In the reading, we created a simple hash table of book authors. Here are the commands we used.
> (define book-authors (make-hash))
> (hash-set! book-authors "The Princess Bride" "William Goldman")
> (hash-set! book-authors "Homegoing" "Yaa Gasi")
> (hash-set! book-authors "Moo" "Jane Smiley")
> (hash-set! book-authors "Moo, Baa, La La La!" "Sandra Boynton")
a. Transfer those commands to the interactions pane. You should eliminate the prompts.
b. Add a few more book/author pairs.
c. In the interactions pane, confirm that you can get the author of “Moo” and “Homegoing”.
d. What do you expect as the result of the following expression?

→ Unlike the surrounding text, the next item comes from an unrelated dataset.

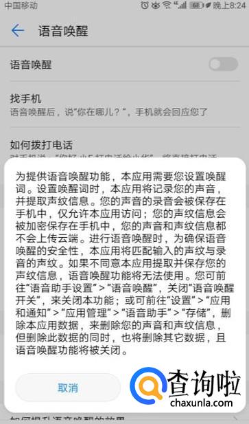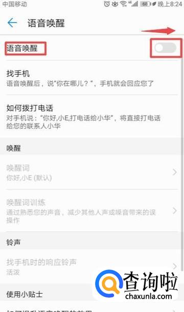 然后我们将语音唤醒的开关向右滑动;

> (hash-ref book-authors "homegoing")
e. Check your answer experimentally.
f. In the reading, we claimed that you can use hash-set! to change
the author associated with a title. Verify that claim.
g. Although we did not mention it in the reading, there is also a
procedure, (hash-remove! hash key) that removes a value from a
hash table. Determine by experiment how this procedure works.

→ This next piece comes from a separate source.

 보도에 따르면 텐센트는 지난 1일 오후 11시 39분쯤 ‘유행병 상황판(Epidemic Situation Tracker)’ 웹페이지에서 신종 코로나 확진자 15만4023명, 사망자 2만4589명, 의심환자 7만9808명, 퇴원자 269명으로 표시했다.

h. What do you think happens if you try to remove a key from a hash table that is not in the hash table?
i. Check your answer experimentally.
Recall that you define immutable hash tables with a command like the following. (Note the period in between the key and value.)
> (define sidekicks
'#hash(("Peabody" . "Sherman")
...))
a. Define an immutable hash table, sidekicks, that associates the
names of some famous cartoon protagonists (as strings) with the
names of their sidekicks (again, as strings).
| Protagonist | Sidekick |
|---|---|
| Peabody | Sherman |
| Yogi | Booboo |
| Secret Squirrel | Morocco Mole |
| Tennessee Tuxedo | Chumley |
| Quick Draw McGraw | Baba Looey |
| Dick Dastardly | Muttley |
| Bullwinkle | Rocky |
| Bart Simpson | Milhouse Van Houten |
| Asterix | Obelix |
| Strong Bad | The Cheat |
b. Verify that you can look up a few characters in the table, such as “Asterix” or “Yogi”.
c. Determine what happens if you try to look something up by sidekick (e.g., “Sherman”) rather than protagonist.
d. We claimed that it is not possible to change an immutable hash table. Verify that claim by trying to set a value in the table (e.g., to make “Homestar Runner” a sidekick of “Strong Bad”) and by trying to remove an entry.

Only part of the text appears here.